There lived in Europe in the last century a well-known Chasidic rabbi who was rebbe to tens of thousands of chasidim. He was known as the Zidochover Maggid. One Friday as he sat and learned Torah with a group of his disciples, a woman entered his study carrying a chicken which she wished to prepare for the Shabbat meal. However, there was a question on the kashrut of the bird, so she had brought it to the Rabbi to ask if it was permissible. Now, on the face of it, the chicken had lesions on its lung which would normally indicate that it was treife, but to the astonishment of his students, the Rebbe spent hours studying many texts in an attempt to find an opinion which would permit the chicken. It was incomprehensible to them just why the Rebbe would go to such lengths when he could just as easily give the woman a ruble to buy another chicken. After hours of study the Rebbe stood up and pronounced the chicken kosher! The Rebbe's disciples couldn't believe their ears, but he had labored and succeeded in finding a way to rule the chicken permissible. The happy woman went home to prepare her Shabbat meal, and the scholars resumed their study.
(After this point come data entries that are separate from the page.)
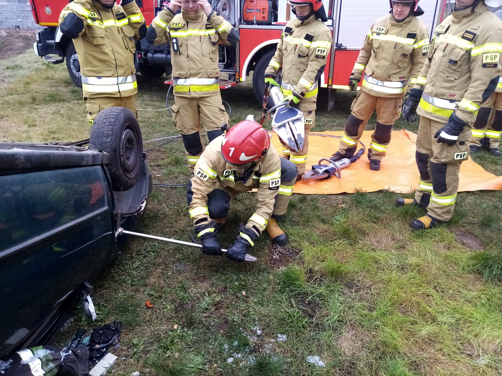 i przećwiczono działania w symulowanym zdarzeniu drogowym, w którym to samochód osobowy znajdował się na dachu. We wraku pojazdu znajdowała się osoba poszkodowana, do której należało wykonać dostęp w celu dotarcia ratownika do osoby poszkodowanej przy zastosowaniu odpowiednich technik z użyciem sprzętu hydraulicznego. Po dotarciu do osoby poszkodowanej sprawdzono jej parametry życiowe i stan ogólny, a także wstępnie przygotowano ją do wyciągnięcia
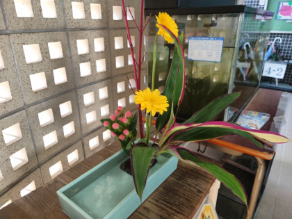 地域の方が玄関の生け花を活けていただいています。
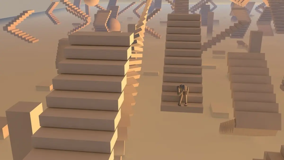 i made this low poly render to look like a maze type landscape and with sunset lighting with fog and lights and a rigged character in the middle i tried to make it look like a video game type render
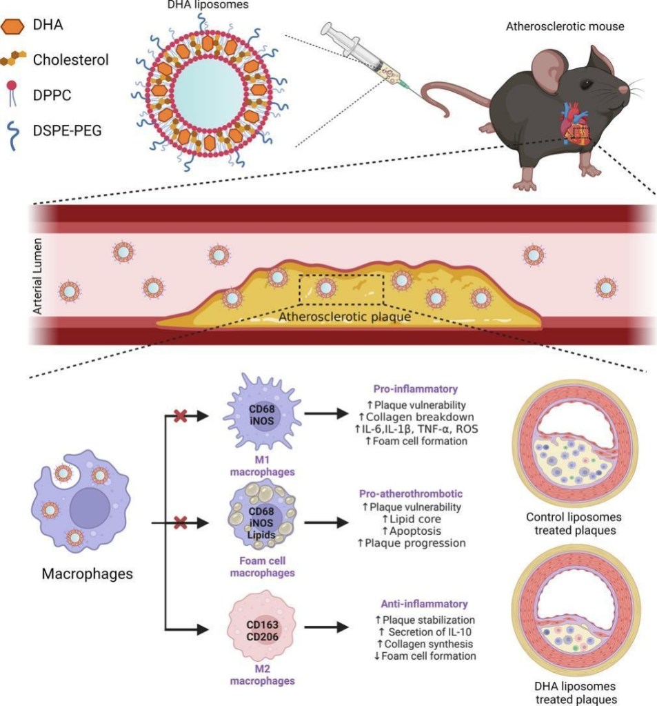 Docosahexaenoic acid (DHA, 22:6n-3), an omega-3 polyunsaturated fatty acid (PUFA), which exerts anti-inflammatory and antioxidant properties, has long been purported to be of therapeutic benefit to atherosclerosis patients. However, large clinical trials have yielded inconsistent data, likely due to variations in the formulation, dosage, and bioavailability of DHA following oral intake. To fully exploit its potential therapeutic effects, we have developed an injectable liposomal DHA formulation intended for intravenous administration as a plaque-targeted nanomedicine. The liposomal formulation protects DHA against chemical degradation and increases its local concentration within atherosclerotic lesions.

Soon after she left another woman entered the hall in a state of hysteria. "Rebbe, Rebbe!" she screamed, as she fainted to the floor. When she was revived she resumed her wailing, crying, "Rebbe, you must help me, my husband, the doctors have given up hope!" Again the poor woman fainted and had to be revived. The Rebbe stood by her side and said, "Tell me please, what is the exact nature of your husband's ailment?"
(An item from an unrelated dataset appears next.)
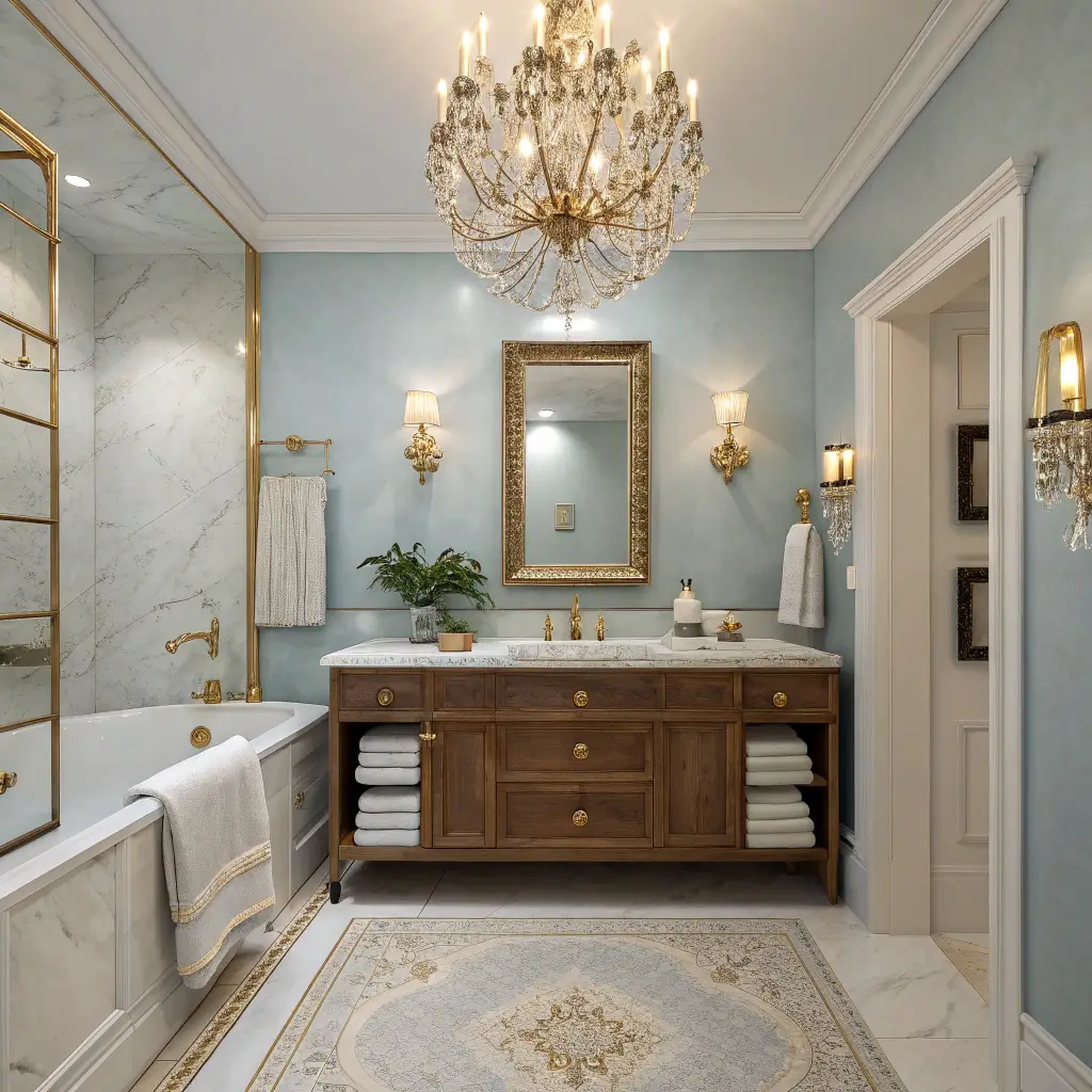 Think marble with blue veining and gold fixtures, crystal chandeliers with gold details, and silk curtains in pale blue. Elegance comes from quality materials and refined color choices. Navy blue paired with champagne gold creates a particularly sophisticated combination.

She replied that he had serious lesions on his lungs. When he heard that, the Rebbe comforted her saying, "I just ruled that this type of malady is kosher. Go home and don't worry; your husband will live for many years." And this, in fact, is what happened. Only then did the students understand that through his ruach hakodesh (spiritual insight) the Rebbe had known that he would need that halachic ruling to help a fellow Jew. Through his pronouncement which allowed the chicken to be used he also, so to speak, negated the fatal effects of the same illness on a fellow Jew.